Because some people don't care about people with correctly-formed legal documents getting access to their email. They just want something quick and easy to prevent weaker attackers from having access.

EDIT: Not defending Hushmail here, but at least they have some warnings about the risks.


Hushmail was snake-oil from day one. Anyone who had spent more than 2 seconds reading about public key cryptography knew that. I was astounded to see Zimmerman defending Hushmail back then and saddened to hear that he is still defending them.


That's why I switched to gmail and rot13.


Could explain all the advertisements for Hooked on Phonics.


Could you explain how rot13 helps?

"The algorithm provides virtually no cryptographic security..." - https://en.wikipedia.org/wiki/ROT13


I believe it was meant ironically.
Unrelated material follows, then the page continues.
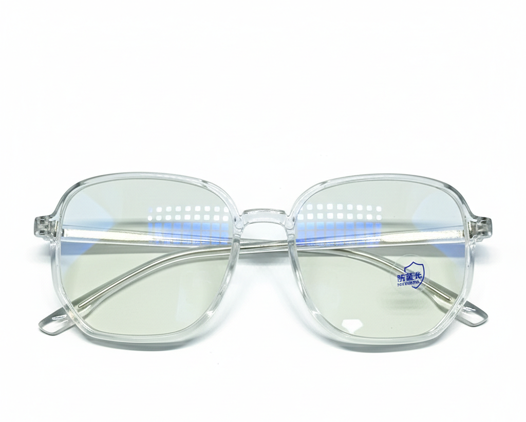 The Retro Square Anti-Blue Light Glasses - 1020CL blend vintage charm with modern eye protection, featuring a classic square frame in a sleek transparent crystal (clear) finish. Designed for the digital lifestyle, these glasses help reduce eye strain, block harmful blue light, and enhance visual comfort during extended use of computers, smartphones, and tablets. The minimalist, see-through design offers a subtle yet stylish look, perfect for professionals, students, and fashion-conscious users who want both functionality and elegance.

Similar to the joke "I double rot13 all my emails, but I'm probably just being paranoid." (If you're not familiar with rot13, running it twice results in the original plaintext.)


It's a joke, but at the same time, I doubt the pattern-recognition bots correct for it, so it would likely have some effect security-wise, to the same extent you get by spelling 'shit' as 'sh|t'.


Once you explain a joke, it's not funny anymore.


A joke, maybe. But explaining terminology doesn't [usually] hurt a joke.


Merci


"virtually"...being kinda generous, aren't we?


You should use base_64 instead, that's what all the cool kids use.


Honestly GMail is perfect for the threat model of the mails I use it for.

It's very well-defended against random leakage across the Internet, against hacking attacks, etc.

The government has an easier time of getting access to it if I piss them off, but if I do piss them off enough they can essentially invent bad stuff regarding me anyways, and I'm screwed no matter what. Once I came into karmic balance with that I accepted it and went on with my life.

Of course, what's good for me is not necessarily what's good for you.


ROT13 is ready for enterprise.


No no, enterprise requires double ROT13.